For an instant I am there again: the darkness calls my name.
Dixie’s claws sound against the cork mat as I take her lead down from the hook next to the mirror. It’s time for a walk.
The faint tones of yet another waltz make their way into the street from the tenants’ shindig in number 41. The cold tears at my vodka-drenched shirt breast. I hear the far-off sound of laughter and chatter.
‘The schnapps in there must be flowing like butter in the Sahara.’
The cold November evening startles me out of my stupor. It’s blowing so hard that the cigar in my mouth burns at twice its normal rate. For a long while I stand on the other side of the street, keeping my eyes on the laundry. There’s no sign of that mysterious shadow.
Dixie whines and pulls, but I drag her along. We walk towards the Veterinary Institute and take a detour over the Johannes School’s yard. Dixie starts panting and her limping gets worse.

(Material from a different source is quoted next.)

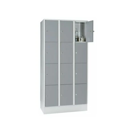 Abteilbreite: 300 mm, Anzahl Fächer: 12, Breite: 900 mm, Fachbodenhöhe: 410 mm, Fachbreite: 300 mm, Höhe: 1800 mm, Sockelhöhe: 100 mm, Staffelpreisvorteil ab: 1 Stück, Tastaturplatte: 0, Tiefe: 500 mm, Innenausstattung: Fächer ohne Unterteilung, Korpusfarbe: lichtgrau, Material: Stahlblech geschweisst, Türart: Vollwand-Türen, Verschlussart: Doppelbartschloss mit 2 Schlüsseln
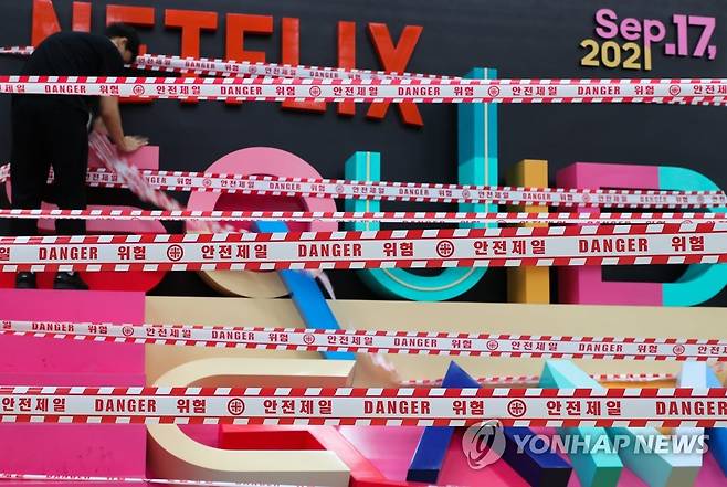 코로나19 감염 우려에 이태원역 '오징어 게임' 세트장 조기 철수

I put my hand in my pocket and finger the letter from Beda. I don’t have much of a sense of recall at the moment, but I remember my promise to the washerwoman, and words are there to be honoured. I have failed to keep a promise I made to someone I cared about one too many times already. Never again.
I hold the letter up in the light cast by a street lamp, and stare at the date. If old man Ström was right, Beda only wrote it a few weeks before she died. We cross to the opposite pavement before I drag Dixie back south again.
Up in Vanadislunden St Stefan’s Church strikes nine times. From the train station towards Albano, a freight train lets out a shriek. The air smells of burning spruce.
We are almost home now. Across the deserted street, Lundin’s shop sign is banging in the wind. Suddenly the pale light, falling over the pavement outside the laundry, is turned off. A bell tinkles, a door creaks and slams. I stop; my heart misses a beat.
Only a few metres in front of me, a figure with an up
turned coat collar is hunched over the lock. He has a walking stick hooked over his lower arm. The silver hilt glitters in the dark.
‘Bleeding lock!’
The man curses, tugging at the key. His voice is deep. He’s still not seen me. Soundlessly I tie Dixie’s lead around a drainpipe. There’s a click as the lock clicks into place. The man in front of me sighs and tries to pull the key out. I glance around once, making sure I’m alone. Quickly I take off my tie and fold it up in my coat pocket before I charge at him. I move quicker than I have for years.
I twist the man round with a hand at his collar before I thump him into the laundry door. Dixie barks. The drainpipe rattles when she tugs at the lead. The man roars and pumps his arms up and down. Somehow he manages to whack me just under my eye with the silver hilt of his stick. The pain surges through my head like a piercing wolf-whistle.
My fingers quickly work their way up to his throat. His yelling comes to an abrupt end when I give him a squeeze and at the same time twist a left hook into his liver. It’s not an especially hard punch. My knuckles connect with his bottom rib. I let him go and the fucker goes down on all fours.
His hat rolls off and ends up in the gutter. His pocket watch falls out of his waistcoat and dangles under him like a pendulum. He gasps and coughs. Viscous threads of phlegm trail out of his mouth, like the tentacles of a jellyfish. I put my foot on his neck and press his face into the pavement. He still has too little air in him to yell. He starts fumbling with something, then holds out a black wallet.
I take my foot off the man’s neck. I turn towards the laundry and try to get the lock open. It gets caught and I have to fiddle with it for a moment before it releases. The man on the pavement thinks he can crawl off. He’s turned his arse towards me. I take aim and drive home my boot between his legs. Only now does he protest. He falls onto his side and yells, with his hands on his crotch and his legs drawn up into a foetal position. I hastily look around before grabbing him by the shoulder of his fur-trimmed overcoat, then drag him inside backwards. On the way in I hit the light switch.